Diss tracks have sought refuge in two music genres, this new century. Hip hop and then, later, reggaeton (and its bastard child, reparto – slum reggaeton) have been the stage where we’ve seen this face-off of verses the most between two (or more) artists. In a kind of coliseum where the best takes it all. “Beef” – as these face-offs are known – is a key part of hip hop culture. The idea of a face-off as a way to win a battle is something the genre has embraced since the very beginning (maybe inspired by one of the cultural idols of the time – actor/fighter Bruce Lee).

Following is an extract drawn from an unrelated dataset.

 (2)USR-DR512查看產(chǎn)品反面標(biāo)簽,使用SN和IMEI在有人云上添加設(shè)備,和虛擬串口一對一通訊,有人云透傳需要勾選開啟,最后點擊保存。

So, it comes as no surprise that diss tracks have become a mainstay in Cuba as an expression of some artists’ unease with other artists’ attitudes. Although the marketing aspect of this needs to be highlighted, as it sparks fans’ and the general public’s curiosity and interest.
Like in most of the Latin American world, many of Cuba’s reggaeton artists emerged from the hip hop talent pool. Many rap artists and fans saw this as a betrayal, which led to a fair share of controversy. “La cancion numero 9” is a classic case of this, released in the early noughties. Bian Oscar Rodriguez Gala (El B) dedicates the track to “Insurrecto” (a name you hear quite a bit around here) and to those who made the transition to the new music genre.

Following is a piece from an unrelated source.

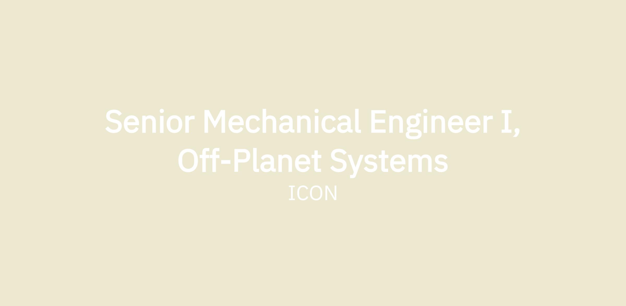 ICON is looking for a Senior Mechanical Engineer to assist in our Strategic R&D efforts. As the Mechanical Engineer for Off-Planet Robotics, you will be responsible for the development of conceptual and detailed designs of electro-mechanical systems that will be used off-planet You will also conduct trade studies and ideation exercises, participating in our design review and systems engineering processes, and ultimately flying the hardware you have designed. This role is an onsite role and is based locally in ICON’s Austin, TX laboratories, and will report to the Senior Director of Off-Planet Systems.

But if you’re talking about Los Aldeanos, it’s other face, Aldo Rodriguez Baquero (Al2) is the leading “disser” on Cuba’s hip hop scene. Al2’s diss tracks all share a common feature: his pleasure in egging on the face-off with a sublimation of his political differences with his adversaries. He not only regularly calls them out for a lack of talent, but also accuses them of working for the Cuban Government. From his sacred position as a MC (master of ceremonies), Al2 often attacks different reggaeton artists, such as Insurrecto, Osmani Garcia, Yomil, El Taiger.
A very interesting feature of these diss tracks, which also marks the phenomenon somewhat in the past decade, is the role social media has played as a stage to further expand and amplify these battles. It turns them into a priceless source of entertainment for a society that is hungry for content. A good example of this is the exchange of Al2’s Livestreams with El Taiger and Yomil on different platforms such as Instagram and TikTok.
This all feeds the audience’s intrigue. In addition to the various motives for artists to engage in these assaults, there’s no doubt that Aldo gaining greater visibility by these means is an excellent marketing strategy. The rapper has suddenly entered the sights of other artists’ fans, as well as in the turbulent sensationalist press that relishes in these kinds of conflicts.
But the icing on the cake of diss tracks is that reggaeton artists are taking center stage. In a genre that inherits many of its characteristics and expressions from gangster rap, these kinds of crossovers aren’t strange. Especially given the fact Cuban culture is quite machista. Here, success is determined by being (or appearing or believing you are) better than your counterparts. If there’s been one incident that proves the tenor of diss tracks in Cuba it’s the affair which involved Clan 537 members (Baby Lores, Insurrecto and El Chacal). It was an exchange that exposed the performance of the phenomenon. A show to get the masses gossiping, who go to their concerts with the hope of hearing some kind of attack, as if they were in a remote boxing fight.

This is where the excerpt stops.